Absolute unit of Force

A force produces or tends to produce a change in the state of rest or motion of a body. Therefore, a force brings a change in linear momentum of a body.

As per Newton’s second law of motion, the applied force on a body is directly proportional to the rate of change in momentum.

Therefore, \quad P \propto \left (\text {Mass} \times \text {Acceleration} \right )

If a force ( P ) acting on a body of mass ( m ) produces an acceleration or deceleration of ( a ) in the body, then –

P = k.m.a

Here, ( k ) is the constant of proportionality.

For convenience, the unit of force is so adopted such that, one unit of force produces one unit of acceleration to a body of one unit mass.

Therefore, when mass ( m = 1 ) and acceleration ( a = 1 ) , then we get force ( P = 1 ) .

Thus, \quad k = 1

Putting this value, we have –

P = m.a = \text {Mass} \times \text {Acceleration}

The unit of force in SI and MKS systems is newton.

One newton ( 1 \ N ) is that force which produces unit acceleration ( \alpha = 1 \ \frac {m}{s^2} ) in a body of unit mass ( m = 1 \ Kg ) .

Or, \quad 1 \ N = 1 \ kg \times 1 \left ( \frac{ m }{ s^2 } \right ) = 1 \left ( \frac { Kg \ m }{ s^2 } \right )


Gravitational unit of Force

In most of engineering purposes, a force is expressed in gravitational units.

We know that, absolute unit of force is newton. One newton ( 1 \ N ) is that force which produces an acceleration of ( 1 \frac {m}{s^{2}} ) in a body of mass ( 1 \ kg ) .

Or, \quad 1 \ N = 1 kg \times 1 \left ( \frac { m }{ s^2 } \right ) = 1 \left ( \frac { kg \ m }{ s^2 } \right )

If same body is moving with an acceleration of ( 9.81 \frac {m}{s^2} ) , then force acting on it will be  [ 1 \times 9.81 = 9.81 \ N ]

Since, acceleration due to gravity of earth is ( g = 9.81 \frac {m}{s^2} ) , so a body of ( 1 \ kg ) mass is attracted towards the centre of earth with an acceleration of ( 9.81 \frac {m}{s^2} )

In this case, the earth’s gravitational pull is called a force of ( 1 \text {kg-force} ) or ( 1 \text {kgf} ) .

But, earth’s gravitational pull on a body is called weight of that body.

Hence, force of ( 1 \text {kg-f} ) is also represented as ( 1 \text {kg-wt} ) .

Therefore, 1 gravitational unit of force is equivalent to 9.81 absolute units of force.

Gravitational unit of force i.e., ( 1 \text {kg-f} \ \text {or} \ 1 \text {kg-wt} ) are engineer’s unit of force whereas, absolute unit of force i.e., ( 1 \ N ) is a scientific unit or SI unit of force.

TO BE NOTED –

  1. In Absolute unit of force, mass ( \text {m} ) of a body is considered.
  2. In Gravitational unit of force, weight ( \text {mg} ) of a body is considered.

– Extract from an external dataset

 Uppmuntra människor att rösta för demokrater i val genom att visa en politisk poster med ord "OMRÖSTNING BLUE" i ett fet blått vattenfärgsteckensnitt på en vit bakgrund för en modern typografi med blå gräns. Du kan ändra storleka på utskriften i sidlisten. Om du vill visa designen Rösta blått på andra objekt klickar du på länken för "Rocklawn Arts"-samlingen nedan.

Relation between Mass & Weight

Consider about a body of mass ( m = 100 \ kg ) . Earth’s pulling force on this body will be –

P = \text {Mass} \times \text {Acceleration}

Or, \quad P = 100 \times 9.81 = 981 \ N

Because, \quad \left [ g = 9.81 \left ( \frac {m}{s^2} \right ) \right ]

Therefore, by definition of weight of a body –

W = 981 \ N

Therefore, \quad W = \left ( \frac {981}{9.81} \right ) Kgf = 100 \ Kgf

Because, \quad ( 1 \ Kgf = 9.81 \ N ) (Gravitational unit of force)

TO BE NOTED –

  1. In absolute unit, mass of a body is numerically equal to the weight of same body in gravitational unit.
  2. To measure the mass of a body, we use a common balance which has two pans. The body, whose mass has to measure, is kept on one pan and a standard mass is kept on other pan for comparing. Here earth’s acceleration due to gravity is acting equally on both the pans. Therefore, the effect of earth’s gravitation pull is not significant.
  3. Weight of a body is measured by using a spring balance. A spring balance works on spring force and has only one pan on which measuring body is kept or hangs to it. Therefore, effect of earth’s acceleration due to gravity is very significant in this case.